Nushell is still one man show just like crush so they need decade or so to get to pwsh level.

Its nice to make stuff and offer alternatives but lets keep perspective here.

hestefisk 1329 days ago [-]
Column orientation is very different to object orientation.

My computer runs just fine. Do you really think pwsh is fast?

majkinetor 1329 days ago [-]
No. Its acceeptable, and mostly startup related. Certainly not even close to the level u claim. Once started it is more or less OK depending on specific cmdlet and task in question. I use it in production on numerious gov level services serving millions.

Vim is slower for example but rarelly anybody compalain about it given its power.

pjmlp 1329 days ago [-]
They haven't learned everything, because the other part is integration with all sorts of native libraries and IPC.
jodrellblank 1330 days ago [-]
> “because the system itself was designed around the shell.
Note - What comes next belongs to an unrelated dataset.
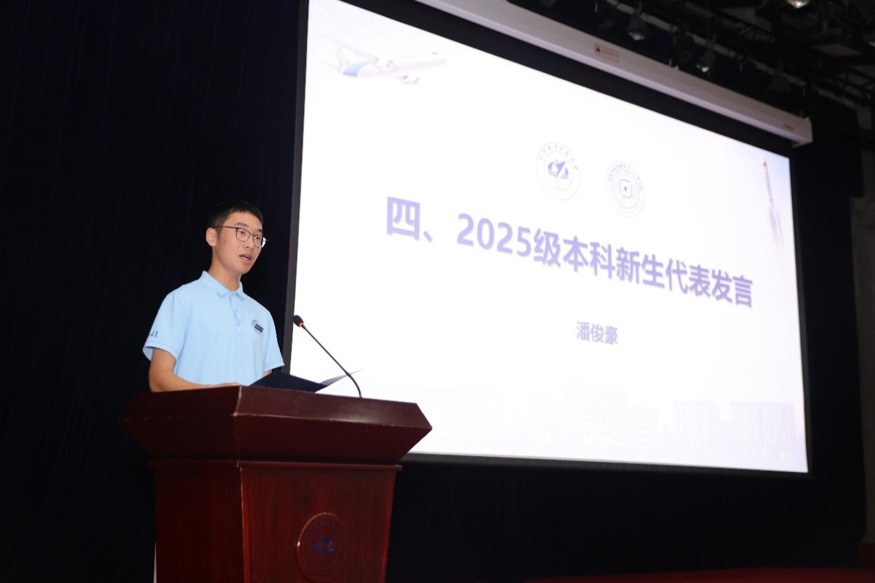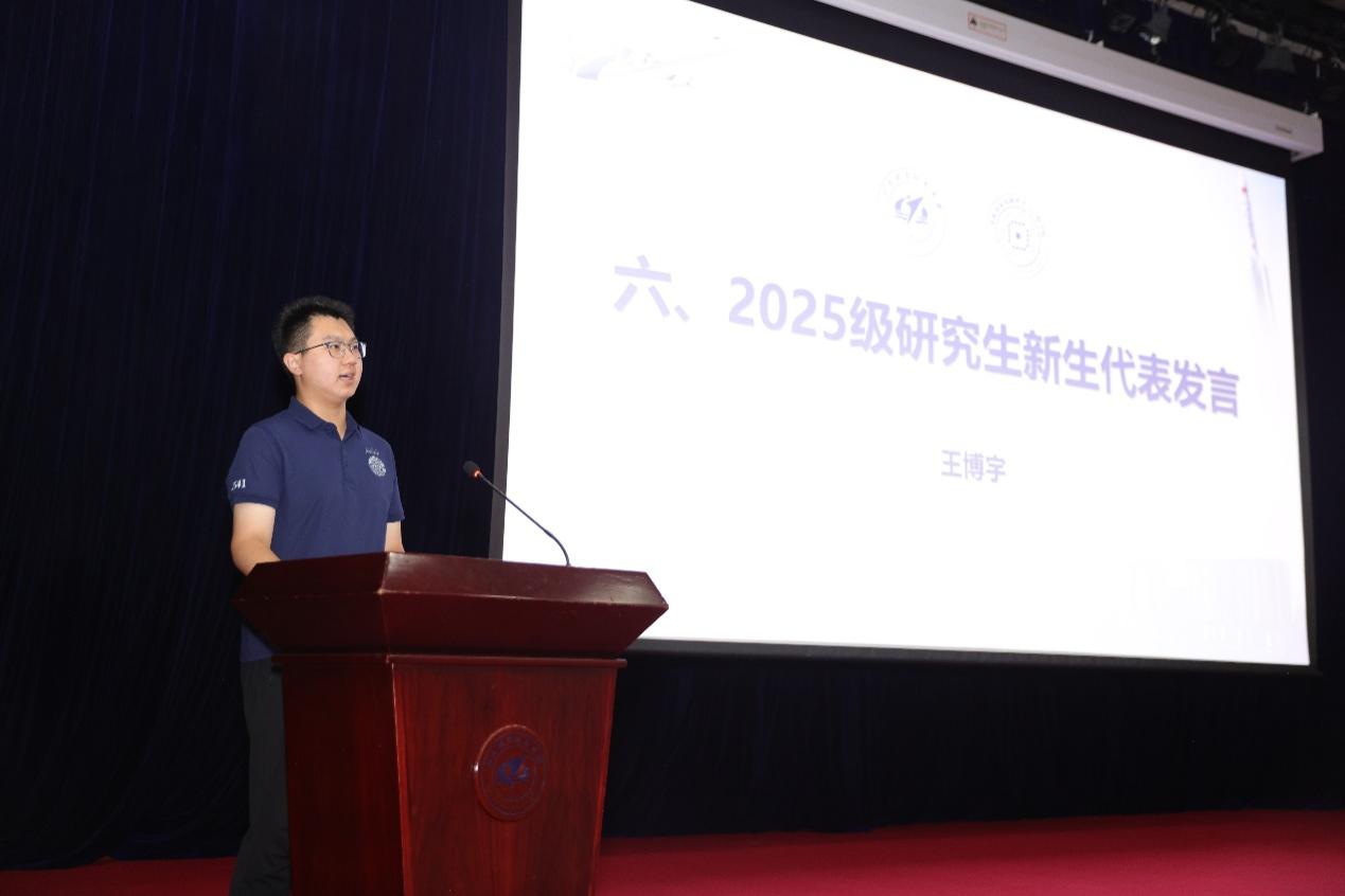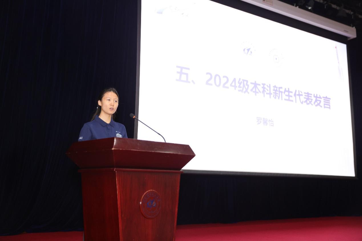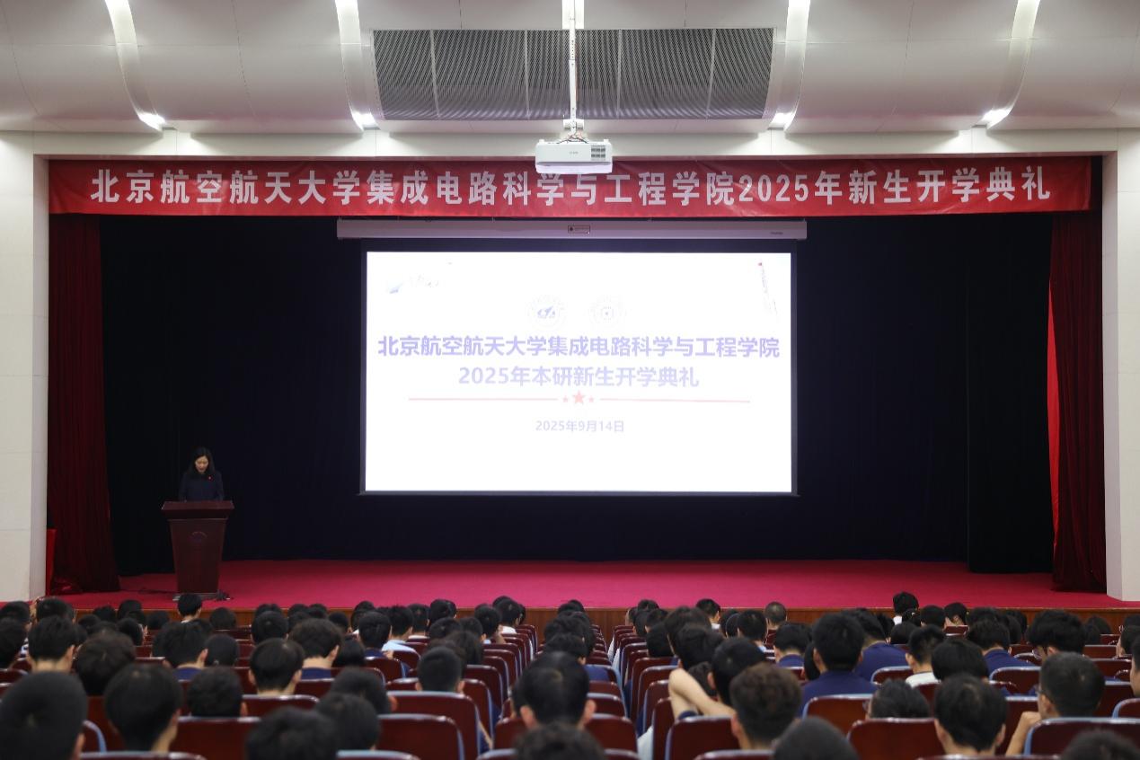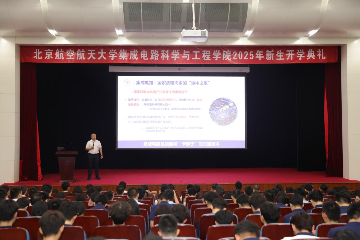 随后,教师代表贾小涛老师以“以‘芯’为剑,与国同行,敢为天下先”为题,向新生表达欢迎并提出期望:勤学善思、打牢根基;敢于探索、勇于创新;修身立德、学会担当;全面发展、拥抱青春,号召同学们勇立潮头,书写青春篇章。

Windows wasn’t designed around the command prompt, it wasn’t designed around shell utilities. When I call “cat”, it’s not important that I’m writing those three letters, they are a library way of calling a set of file open/read OS functions. When I write “ping”, it’s not the ping tool I care about, it’s the network api calls it does behind the scenes. The Unix/Linux shell is then seen like a “Python standard library” of ways the user can control the OS, and it’s a hugely inconsistent, undesigned, ad-hoc agglomeration of names and parameters and bodges, which cheats out on dealing with the complexity and instead offloads that straight on to the user in a user hostile way.

What powershell tries to do for Windows is make a somewhat designed, consistent, and more user-approachable set of wrappers around the Windows OS system calls, along with guidelines and support for vendors to build in that style, a human interface that is introspectable, built to be programmable, but still composable and modular.

The objection that trying to do such a user-focused thing on Unix makes a “useless” system is weird because that - a user interface to tools/library of OS call patterns - is what the shell is. In what way is “resolve-dnsname” pretending to be one with the system that dig and nslookup aren’t? They’re names which trigger a pattern of network traffic and show a result. In what way is piping text from dig to sed “real” and piping resolve-dnsname to format-list “pretend”?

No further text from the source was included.